= Credit event =

A credit event occurs when a person or organization defaults on a significant transaction. He or she is unable to honor the terms of the contract entered, and the borrower’s ability to pay comes into question. Because the marketplace recognizes such events as related to one's credit worthiness, credit events can trigger specific protections provided by credit derivatives (e.g. credit default swap, credit default swap index, credit default swap index tranche).

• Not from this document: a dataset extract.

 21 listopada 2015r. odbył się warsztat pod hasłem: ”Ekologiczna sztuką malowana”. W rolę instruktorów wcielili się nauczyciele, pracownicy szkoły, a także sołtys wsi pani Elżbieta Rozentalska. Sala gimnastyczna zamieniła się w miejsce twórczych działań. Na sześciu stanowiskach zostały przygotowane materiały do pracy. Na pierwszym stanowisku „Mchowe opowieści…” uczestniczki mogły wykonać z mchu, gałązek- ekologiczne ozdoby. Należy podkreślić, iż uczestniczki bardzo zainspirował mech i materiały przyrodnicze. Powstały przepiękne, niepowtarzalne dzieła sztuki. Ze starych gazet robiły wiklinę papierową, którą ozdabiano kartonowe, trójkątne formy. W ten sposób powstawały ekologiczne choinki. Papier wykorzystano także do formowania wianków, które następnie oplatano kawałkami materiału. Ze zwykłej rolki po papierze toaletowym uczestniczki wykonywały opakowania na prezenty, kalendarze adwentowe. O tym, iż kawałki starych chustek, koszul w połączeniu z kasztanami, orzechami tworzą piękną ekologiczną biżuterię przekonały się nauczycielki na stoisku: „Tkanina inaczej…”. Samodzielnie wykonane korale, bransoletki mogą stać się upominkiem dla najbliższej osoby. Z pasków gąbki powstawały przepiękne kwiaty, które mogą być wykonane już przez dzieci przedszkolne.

A credit event triggers a swap where oftentimes the borrower has to terminate the contract and accept a settlement instead of honoring the remaining terms, because the credit event that occurred has essentially forced them to do so when they default.

== Standard events ==
The events triggering a credit derivative are defined in a bilateral swap confirmation which is a transactional document that typically refers to an International Swaps and Derivatives Association (ISDA) master agreement previously executed between the two swap counterparties. The ISDA is a global trade organization for OTC derivatives, and provide the definitions and set the standard for what we consider to be credit events.

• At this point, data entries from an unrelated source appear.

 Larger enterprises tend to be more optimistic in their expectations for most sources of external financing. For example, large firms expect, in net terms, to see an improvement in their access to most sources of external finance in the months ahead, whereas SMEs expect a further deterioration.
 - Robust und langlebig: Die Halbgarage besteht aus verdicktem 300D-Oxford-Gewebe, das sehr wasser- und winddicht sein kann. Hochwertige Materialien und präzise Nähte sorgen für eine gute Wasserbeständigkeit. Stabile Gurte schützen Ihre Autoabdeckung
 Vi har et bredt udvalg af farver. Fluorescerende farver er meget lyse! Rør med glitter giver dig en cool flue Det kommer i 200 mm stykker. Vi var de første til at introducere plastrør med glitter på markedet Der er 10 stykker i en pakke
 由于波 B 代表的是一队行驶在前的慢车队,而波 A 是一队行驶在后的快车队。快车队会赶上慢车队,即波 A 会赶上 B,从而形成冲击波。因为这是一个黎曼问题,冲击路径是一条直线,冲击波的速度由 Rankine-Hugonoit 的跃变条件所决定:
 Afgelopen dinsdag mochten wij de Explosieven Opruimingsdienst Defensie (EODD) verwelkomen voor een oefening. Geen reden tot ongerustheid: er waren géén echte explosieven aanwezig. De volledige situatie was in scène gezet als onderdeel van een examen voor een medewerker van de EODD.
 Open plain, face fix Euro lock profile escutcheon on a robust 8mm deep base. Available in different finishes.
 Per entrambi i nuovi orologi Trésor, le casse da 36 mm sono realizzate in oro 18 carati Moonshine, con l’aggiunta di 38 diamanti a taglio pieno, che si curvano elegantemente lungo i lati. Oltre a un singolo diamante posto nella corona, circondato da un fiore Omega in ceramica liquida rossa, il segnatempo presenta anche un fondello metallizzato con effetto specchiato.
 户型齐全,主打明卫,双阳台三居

There are several standard credit events which are typically referred to in credit derivative transactions:
- Bankruptcy
- Failure to Pay
- Restructuring
- Repudiation
- Moratorium
- Obligation Acceleration
- Obligation Default

Credit events can have huge implications because they put lenders in a bad spot with high risk, where money and contractual obligations are lost or broken. These swaps are essentially insurance against non payment to where if a credit event occurs, the seller compensates the buyer. These swaps are a way for lenders to minimize risk and modify returns as they are provided insurance for the potential negative outcomes.

== Restructuring ==
A restructuring credit event, according to the ISDA, occurs when there is either a reduction in the interest rate or principal amount, a deferment or other postponement for payment, a change that causes subordination to obligations, or if there is any change in the composition of the payments interest and principal.

== Watchlists ==
The watchlists are a rating review created by the credit rating agencies that assist firms in avoiding entering into contracts that might experience a credit event. The watchlist is used for higher creditworthy borrowers to improve the delivery of information, however for borrowers with bad credit it acts as a red flag/warning sign for the firm to stay away from a risk inducing contract. This can reduce risk for firms before they enter into a bad contract, where they may experience a credit event and eventually be looking to sell it off to transfer risk. The watchlist can help firms see problems before they happen.